La découpe laser est précisément une compétence que Graphitech a commencé à développer en 2024 au sein du Démonstrateur Industriel d'EDF près de Chinon et qui est mise au service du projet de démantèlement de Brennilis.

La cellule laser a dû être adaptée pour un défi particulier :  la découpe de l’inox contenu dans le bloc réacteur qui exigeait une adaptation de l’outil de découpe au passage disponible spécifique à Brennilis : seulement 30 millimètres de large.

« Pour la découpe, le point focal du laser doit donc se concentrer au plus proche de la surface, et Graphitech a dû mettre au point un outil sur-mesure pour réaliser cette opération. Nous avons choisi de développer, avec un partenaire, une tête de découpe laser ultra spécifique car, à date, il n’y avait pas de système capable de le faire. », précise Laurent Cluzel.

Début de la campagne d'essai

C’est dans ce cadre qu’une tête de découpe innovante a vu le jour, permettant d’accéder au fond de cuve qui maintient les tubes. Cette dernière a pu être conçue grâce à des tests sur une maquette physique réaliste qui représente les contraintes dimensionnelles du passage. Tout cela se déroule au sein du lieu d'innovation créé par EDF : le Démonstrateur Industriel.

Les premiers essais physiques auront lieu en début d’année 2026. Ils permettront notamment de vérifier la fonctionnalité de découpe, de trajectoire et de préhension une fois la phase d’intégration terminée.

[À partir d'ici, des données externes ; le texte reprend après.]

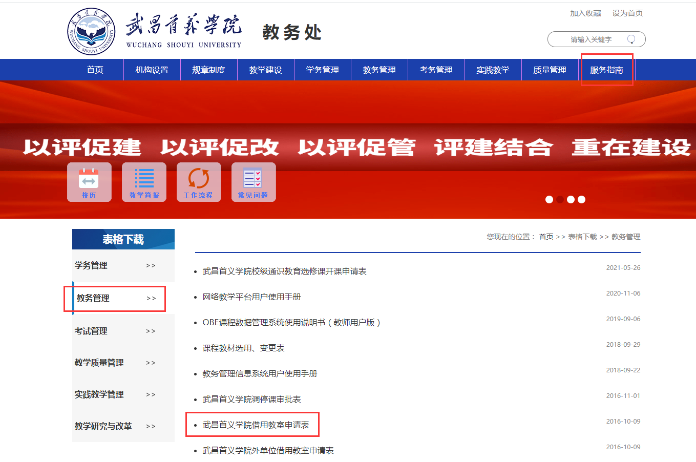 答:教务处网站(http://jwc.wsyu.edu.cn/)“服务指南”-“表格下载”-“教务管理”栏中下载、打印并填写《武昌首义学院借用教室申请表》。

Une deuxième campagne d’essais contribuera par la suite à mettre en pratique la procédure, valider la documentation et former les équipes. Cette phase apparaît comme indispensable pour bien appréhender le déroulement des opérations, évitant dysfonctionnements et risques potentiels. 

« Si on parle de dérisquage, après les simulations numériques, des essais physiques vont être réalisés début 2026, sur des maquettes, permettant de définitivement valider la faisabilité. », souligne Laurent Cluzel, pilote technique chez Graphitech.

Le déploiement du robot ARTUR est prévu pour 2030 et devrait compter 5 mois d’opérations comprenant son installation et son repli. Ces quelques mois concluront de nombreuses années de développement chez Graphitech afin de trouver la meilleure solution, la plus efficace et la plus sécurisée. Il s’agit d’un réel défi technique, tant en raison de la complexité de la disposition de la cuve du réacteur de Brennilis que des solutions techniques nécessaires à l’aboutissement du projet.

Située à l'Est de Brest, dans le Finistère, la centrale nucléaire de Brennilis est restée en service durant près de 18 ans, produisant l’équivalent de la consommation électrique d’une ville de 385 000 habitants. Elle a finalement été mise à l’arrêt en 1985.